"Unusually cohesive for an edited volume, this book brings the latest scientific research in forensic psychology to bear on some of the major controversies currently confronting the justice system. The authors describe myths and misconceptions about behavior in forensic contexts, detail the research that debunks those myths, and identify gaps in our existing knowledge. Providing a well-written and concise overview of many important research areas in both clinical and experimental forensic psychology, the book would be an excellent text for an upper-level undergraduate seminar or capstone course in forensic psychology, or for a graduate proseminar.
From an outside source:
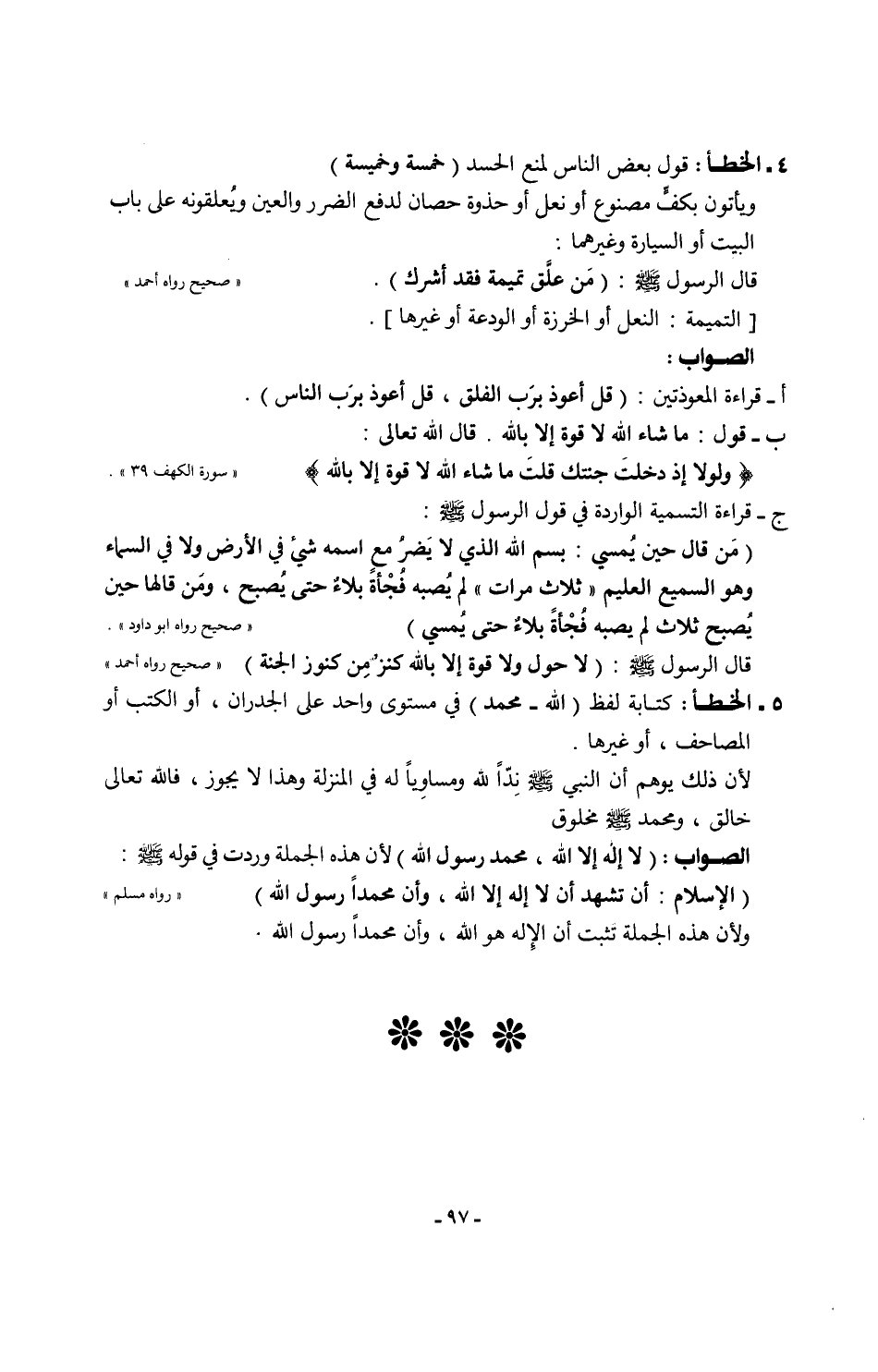 4 - الخطأ: قول بعض الناس لمنع الحسد (خمسة وخميسة)

It is also a valuable resource for practitioners and scholars who seek to understand what psychological science has to contribute to ongoing debates at the intersection of psychology and law."--Margaret Bull Kovera, PhD, Department of Psychology, John Jay College of Criminal Justice, City University of New York
"Outstanding. Skeem et al. present essential information in areas ranging from eyewitness testimony and memory bias to interviewing, interrogation, criminal profiling, and polygraphy. The contributors are top experts in the field whose chapters are comprehensive and scholarly, but also accessible and engaging to read. Discussions of key controversies, myths, and misconceptions--alongside coverage of established facts and knowledge gaps--bring an intriguing spice to the mix. Forensic psychologists will find this volume indispensable. Its content and accessibility also make it a superb choice as a text for courses in law and psychology."--Christopher J. Patrick, PhD, Hathaway Distinguished Professor and Director of Clinical Training, Department of Psychology, University of Minnesota
About the Author
Jennifer L. Skeem, PhD, is Associate Professor of Psychology and Social Behavior at the University of California, Irvine, where she is also a member of the MacArthur Research Network on Mandated Community Treatment, the Center for Psychology and Law, and the Center for Evidence-Based Corrections. Dr. Skeem conducts research on such topics as psychopathic personality disorder, violence risks, and psychiatric treatment outcomes of offenders. She is a recipient of the Saleem Shah Award for Early Career Excellence in Psychology and Law, awarded jointly by the American Psychology-Law Society (Division 41 of the American Psychological Association) and the American Academy of Forensic Psychology.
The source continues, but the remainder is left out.